I have read that from Spark 2.4 it would be possible to apply flatten directly on the concatenation of the columns. Something like this:

df.withColumn("concatenation", flatten(array($"colArrayMap1", $"colArrayMap2")))

However I am still with Spark 2.2, so I need to use a udf for that. This is what I wrote:

def flatten_collection(arr: Array[Array[Map[String,String]]]) = {
    if(arr == null)
        null
    else
        arr.flatten
}
  
val flatten_collection_udf = udf(flatten_collection _)

df.withColumn("concatenation", array($"colArrayMap1", $"colArrayMap2")).withColumn("concatenation", flatten_collection_udf($"concatenation")).show(false)

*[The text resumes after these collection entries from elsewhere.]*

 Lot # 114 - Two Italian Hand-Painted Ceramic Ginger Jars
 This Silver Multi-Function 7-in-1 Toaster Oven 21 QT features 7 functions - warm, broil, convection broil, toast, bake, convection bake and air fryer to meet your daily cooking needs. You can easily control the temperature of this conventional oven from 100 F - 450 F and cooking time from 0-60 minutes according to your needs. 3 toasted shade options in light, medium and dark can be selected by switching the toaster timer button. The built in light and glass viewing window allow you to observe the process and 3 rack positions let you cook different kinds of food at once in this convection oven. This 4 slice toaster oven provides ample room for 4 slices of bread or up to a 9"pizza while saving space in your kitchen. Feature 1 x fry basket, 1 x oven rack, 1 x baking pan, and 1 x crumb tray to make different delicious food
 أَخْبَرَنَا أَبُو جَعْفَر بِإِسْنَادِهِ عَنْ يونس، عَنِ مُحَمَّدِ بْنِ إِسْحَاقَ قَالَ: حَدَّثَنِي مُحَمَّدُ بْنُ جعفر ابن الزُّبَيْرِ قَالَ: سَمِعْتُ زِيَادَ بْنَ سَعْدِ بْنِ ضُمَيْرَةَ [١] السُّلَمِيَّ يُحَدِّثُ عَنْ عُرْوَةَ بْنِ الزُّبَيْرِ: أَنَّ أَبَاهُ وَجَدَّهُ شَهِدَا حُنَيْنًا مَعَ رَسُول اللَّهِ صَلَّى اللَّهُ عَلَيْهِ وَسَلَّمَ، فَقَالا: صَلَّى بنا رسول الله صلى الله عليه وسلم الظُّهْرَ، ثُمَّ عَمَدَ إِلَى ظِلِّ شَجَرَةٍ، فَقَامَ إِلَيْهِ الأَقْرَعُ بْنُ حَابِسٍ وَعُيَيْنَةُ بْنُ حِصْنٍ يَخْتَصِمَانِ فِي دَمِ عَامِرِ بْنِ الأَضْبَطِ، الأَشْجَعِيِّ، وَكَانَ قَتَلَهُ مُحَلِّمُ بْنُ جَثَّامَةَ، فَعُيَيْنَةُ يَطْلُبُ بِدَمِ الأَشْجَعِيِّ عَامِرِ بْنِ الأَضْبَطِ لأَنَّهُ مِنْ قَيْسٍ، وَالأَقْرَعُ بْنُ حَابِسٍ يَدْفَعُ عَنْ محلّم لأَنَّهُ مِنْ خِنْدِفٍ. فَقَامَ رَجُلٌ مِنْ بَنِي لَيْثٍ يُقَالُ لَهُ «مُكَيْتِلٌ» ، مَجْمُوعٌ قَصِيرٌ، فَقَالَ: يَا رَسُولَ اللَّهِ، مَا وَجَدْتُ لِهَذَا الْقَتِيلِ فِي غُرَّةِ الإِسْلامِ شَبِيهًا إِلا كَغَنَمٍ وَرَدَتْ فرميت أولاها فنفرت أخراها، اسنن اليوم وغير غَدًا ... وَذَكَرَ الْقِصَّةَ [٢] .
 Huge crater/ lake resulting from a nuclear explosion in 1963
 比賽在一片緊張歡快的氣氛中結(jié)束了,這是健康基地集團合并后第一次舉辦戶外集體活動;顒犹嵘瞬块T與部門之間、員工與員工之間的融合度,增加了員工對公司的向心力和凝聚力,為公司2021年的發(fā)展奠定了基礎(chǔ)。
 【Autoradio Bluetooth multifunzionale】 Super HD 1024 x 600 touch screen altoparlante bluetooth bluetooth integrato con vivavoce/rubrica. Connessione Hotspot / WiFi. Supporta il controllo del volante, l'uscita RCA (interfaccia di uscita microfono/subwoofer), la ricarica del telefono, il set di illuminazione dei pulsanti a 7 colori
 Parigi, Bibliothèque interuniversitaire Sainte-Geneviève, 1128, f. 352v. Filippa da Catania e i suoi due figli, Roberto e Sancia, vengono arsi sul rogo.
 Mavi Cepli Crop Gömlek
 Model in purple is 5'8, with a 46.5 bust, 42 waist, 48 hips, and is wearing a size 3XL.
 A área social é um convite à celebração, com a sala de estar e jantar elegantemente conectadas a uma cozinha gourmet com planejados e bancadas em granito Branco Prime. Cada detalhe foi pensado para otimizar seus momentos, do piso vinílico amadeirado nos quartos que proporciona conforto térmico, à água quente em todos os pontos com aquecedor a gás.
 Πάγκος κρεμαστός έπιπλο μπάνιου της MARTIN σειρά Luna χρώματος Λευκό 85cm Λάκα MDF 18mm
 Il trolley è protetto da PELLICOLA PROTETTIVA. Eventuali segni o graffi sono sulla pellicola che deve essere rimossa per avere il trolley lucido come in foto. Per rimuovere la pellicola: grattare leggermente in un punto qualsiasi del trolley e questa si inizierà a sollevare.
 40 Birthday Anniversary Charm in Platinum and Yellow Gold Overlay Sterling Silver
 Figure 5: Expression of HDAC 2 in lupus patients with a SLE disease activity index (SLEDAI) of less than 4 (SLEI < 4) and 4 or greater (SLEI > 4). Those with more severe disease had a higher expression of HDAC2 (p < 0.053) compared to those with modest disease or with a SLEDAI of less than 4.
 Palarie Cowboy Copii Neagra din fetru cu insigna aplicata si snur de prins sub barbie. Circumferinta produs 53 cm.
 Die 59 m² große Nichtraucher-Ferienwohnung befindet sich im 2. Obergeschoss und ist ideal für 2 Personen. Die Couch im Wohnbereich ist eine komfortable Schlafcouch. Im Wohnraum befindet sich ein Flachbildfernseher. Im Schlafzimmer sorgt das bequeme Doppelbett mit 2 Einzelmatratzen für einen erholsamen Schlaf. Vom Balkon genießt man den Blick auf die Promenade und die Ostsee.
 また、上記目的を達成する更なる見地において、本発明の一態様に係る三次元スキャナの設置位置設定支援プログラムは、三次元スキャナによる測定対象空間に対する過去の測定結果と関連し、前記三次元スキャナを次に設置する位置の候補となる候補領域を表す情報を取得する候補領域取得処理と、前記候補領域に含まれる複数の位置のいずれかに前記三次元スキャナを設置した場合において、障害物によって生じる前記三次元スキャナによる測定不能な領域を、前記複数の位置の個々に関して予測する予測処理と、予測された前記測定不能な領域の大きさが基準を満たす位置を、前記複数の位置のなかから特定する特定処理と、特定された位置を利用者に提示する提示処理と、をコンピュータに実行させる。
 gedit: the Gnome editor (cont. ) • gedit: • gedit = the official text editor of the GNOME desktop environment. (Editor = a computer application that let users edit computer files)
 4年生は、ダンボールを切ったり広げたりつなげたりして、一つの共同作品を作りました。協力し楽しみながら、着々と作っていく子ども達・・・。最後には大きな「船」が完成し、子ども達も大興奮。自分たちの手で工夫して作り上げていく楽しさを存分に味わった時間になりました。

But I am getting the following error:

Caused by: org.apache.spark.SparkException: Failed to execute user defined function($anonfun$1: (array<array<map<string,string>>>) => array<map<string,string>>)
  at org.apache.spark.sql.catalyst.expressions.GeneratedClass$GeneratedIterator.processNext(Unknown Source)
  at org.apache.spark.sql.execution.BufferedRowIterator.hasNext(BufferedRowIterator.java:43)
  at org.apache.spark.sql.execution.WholeStageCodegenExec$$anonfun$8$$anon$1.hasNext(WholeStageCodegenExec.scala:395)
  at org.apache.spark.sql.execution.SparkPlan$$anonfun$2.apply(SparkPlan.scala:234)
  at org.apache.spark.sql.execution.SparkPlan$$anonfun$2.apply(SparkPlan.scala:228)
  at org.apache.spark.rdd.RDD$$anonfun$mapPartitionsInternal$1$$anonfun$apply$25.apply(RDD.scala:835)
  at org.apache.spark.rdd.RDD$$anonfun$mapPartitionsInternal$1$$anonfun$apply$25.apply(RDD.scala:835)
  at org.apache.spark.rdd.MapPartitionsRDD.compute(MapPartitionsRDD.scala:49)
  at org.apache.spark.rdd.RDD.computeOrReadCheckpoint(RDD.scala:323)
  at org.apache.spark.rdd.RDD.iterator(RDD.scala:287)
  at org.apache.spark.scheduler.ResultTask.runTask(ResultTask.scala:87)
  at org.apache.spark.scheduler.Task.run(Task.scala:109)
  at org.apache.spark.executor.Executor$TaskRunner.run(Executor.scala:380)
  at java.util.concurrent.ThreadPoolExecutor.runWorker(ThreadPoolExecutor.java:1142)
  at java.util.concurrent.ThreadPoolExecutor$Worker.run(ThreadPoolExecutor.java:617)
  at java.lang.Thread.run(Thread.java:748)
Caused by: java.lang.ClassCastException: scala.collection.mutable.WrappedArray$ofRef cannot be cast to [[Lscala.collection.immutable.Map;

I assume the cast error is happening in the udf, but why and how to avoid it?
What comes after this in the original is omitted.